Le Conseil d’Etat a pris acte de cette décision dans son arrêt « ICADE PROMOTION » du 12 mai 2022 (n° 416727).
Les conclusions du rapporteur public permettent d’éclairer la décision :
« Le régime de taxation sur la marge vise à compenser une rémanence de TVA non déductible pour les biens susceptibles de faire l’objet de plusieurs consommations finales interrompant la chaîne de déduction. La cour en déduit qu’il y a lieu, afin de garantir le principe de neutralité fiscale, d’appliquer une base d’imposition réduite dans la seule hypothèse où il existe un risque de double imposition, c’est-à-dire lorsqu’un bien, qui a déjà supporté la TVA à titre définitif (tel qu’un immeuble d’habitation en tant que bien «consommé» du fait de sa première occupation), est soumis à nouveau à cette taxe lors de sa «réintroduction» ultérieure dans le circuit économique en vue de faire l’objet d’une deuxième consommation. »
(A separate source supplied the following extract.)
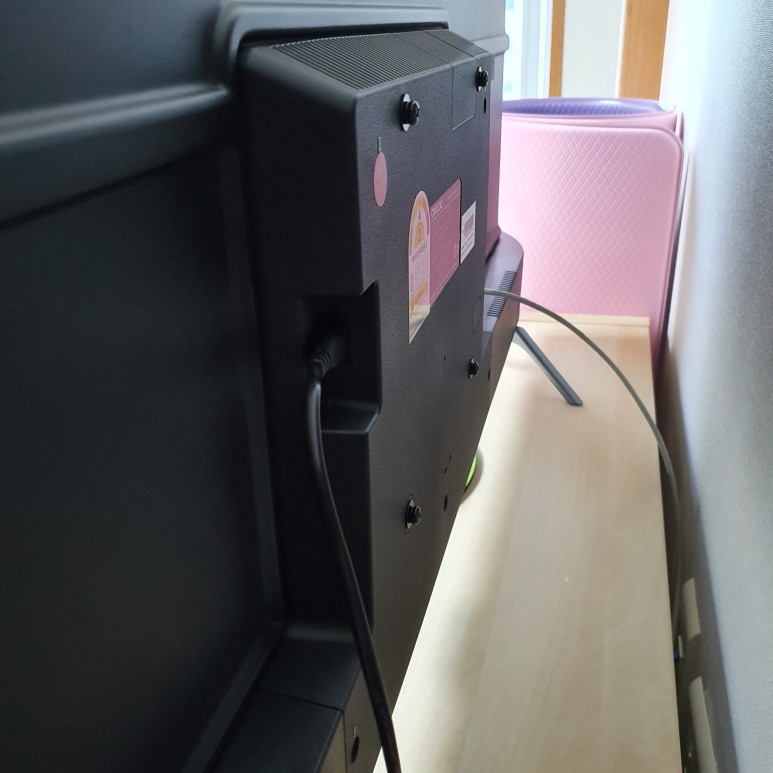 뒷면에 전원연결선이랑 인터넷 연결 랜선맞 꽂아도되서 선이 지저분하게 나와있지 않아 벽걸이로 걸지 않더라도 깔끔하게 유지할수 있어요!

Dans le présent arrêt, le Conseil d’Etat énonce que le régime de taxation sur la marge à des opérations de livraison de terrains à bâtir s’applique :
– lorsque leur acquisition a été soumise à la taxe sur la valeur ajoutée, sans que l’assujetti qui les revend ait eu le droit de déduire cette taxe,
– lorsque leur acquisition n’a pas été soumise à la taxe sur la valeur ajoutée alors que le prix auquel l’assujetti-revendeur a acquis ces biens incorpore un montant de taxe sur la valeur ajoutée qui a été acquitté en amont par le vendeur initial.
Il précise ensuite qu’en dehors de ces hypothèses, le régime de taxation sur la marge ne s’applique pas à des opérations de livraison de terrains à bâtir dont l’acquisition initiale n’a pas été soumise à la taxe sur la valeur ajoutée, soit qu’elle se trouve en dehors de son champ d’application, soit qu’elle s’en trouve exonérée.
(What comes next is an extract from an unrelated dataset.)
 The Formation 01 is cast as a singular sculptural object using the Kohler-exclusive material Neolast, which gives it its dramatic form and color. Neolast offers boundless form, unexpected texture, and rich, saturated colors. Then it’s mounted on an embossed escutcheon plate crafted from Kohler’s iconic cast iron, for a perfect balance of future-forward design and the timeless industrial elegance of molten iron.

Reste une interrogation, à défaut de connaître les détails de l’affaire : le redevable était-il en mesure d’invoquer la doctrine administrative ?
Pour rappel, il résulte de la réponse ministérielle GRAU du 1er février 2022 (RM n°42486 JOAN 1er fév 2022) que :
- Tant que la mise à jour du BOFIP (devant intervenir après que le juge national aura tranché le litige et en concertation avec les acteurs du secteur immobilier) n’est pas intervenue, la doctrine administrative, même en contradiction avec la position de la CJUE, peut lui être opposée.
- Lors de la publication de la mise à jour du BOFIP, les opérations en cours ne seront pas concernées par la nouvelle doctrine (sous réserve de l’antériorité de l’acquisition ou au moins de la signature d’un compromis).
https://questions.assemblee-nationale.fr/q15/15-42486QE.htm
Laquelle mise à jour du BOFIP n’a pas encore eu lieu.